Tuesday, September 2, 2008

A Labor Day reflection

We welcome Janet James, a current YWCA Board member, as our third guest blogger. Janet is the Assistant Attorney General at the West Virginia Attorney General's Office in Charleston, WV and has served on the YWCA of Charleston's Board of Directors since 2005.

Yesterday, we celebrated Labor Day to commemorate the social and economic achievements of American workers. While our nation has truly made great progress since Labor Day was first declared a federal holiday over a century ago, we recognize that many changes still need to be made.

The fact is, women still lag behind men in education and in earnings. Although progress has been made, especially in the last three decades, there remain monumental gaps in the real-world equities between men and women. White women continue to earn a mere 77 cents to every dollar a man makes, while for black and Hispanic women the gap is even greater, dropping to 65 cents on the dollar for black women, and 54 cents for Hispanic women.

Over the course of a career, this puts a woman hundreds of thousands of dollars behind a man. Over a lifetime, a young woman who graduates from high school this year and goes straight to work at $20,000 a year will make $700,000 less than a young man who graduates with her; a woman who graduates from college into a $30,000 starting salary will make $1.2 million less than a young man graduating with her; and a young woman who gets a degree in business, medicine or law and graduates into a $70,000 a year job will make $2 million less than her male classmate. Only 11 of the Fortune 500 companies are led by women, and women make up only 14.7 percent of the board seats of Fortune 500 companies.

The wage gap is the result of a variety of forms of sex discrimination in the workplace, including discrimination in hiring, promotion and pay, sexual harassment, occupational segregation, bias against mothers (in 2005, the Equal Employment Opportunity Commission reported 4,449 charges of pregnancy-based discrimination), and other ways in which women workers and women’s work are undervalued. The long-standing stereotypes associated with men and women contributes to this problem. In the workplace, men are considered more likely to take charge of a situation. Women are considered sympathetic, caring and more supportive, and not as capable at solving problems, a necessary quality in CEOs.

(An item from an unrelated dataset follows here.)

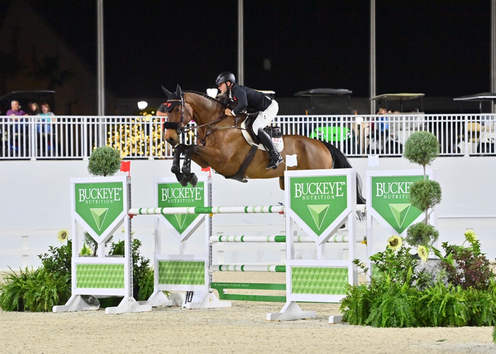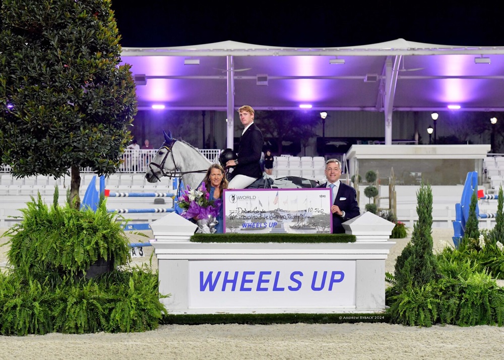 Ocala, Florida, USA – March 08, 2024 – Two-star competition took over the WEC Grand Arena on Friday night for the $32,000 Wheels Up Grand Prix Qualifier CSI 2*. Thirty-eight competitors representing nine different nations tackled the intricate tracks designed by Gregory Bodo (FRA) and Pieter Viste (BEL), but it was the trailblazing performance of pathfinder Daniel Coyle (IRL) and Ariel Grange’s young and talented Lena VDL that stole the spotlight.

As a consequence of this economic disparity, women are also greatly under-represented in local, state and national political government. This economic and political disparity causes a steady drain on women’s receiving better medical treatment, child care, housing, food, and retirement savings; and worse, places women at a greater risk of homelessness, or inability to leave abusive domestic situations.

Since its inception in 1858, the YWCA has fought for women’s rights, notably in the women’s suffrage movement, and later in the civil rights movement. Today, Racial Justice and the Economic Empowerment of Women are two of the national YWCA’s hallmark programs. Through programs like the YWCA Sojourner's Job Education/Readiness Center, the YWCA of Charleston works daily to promote education and economic empowerment here in our city.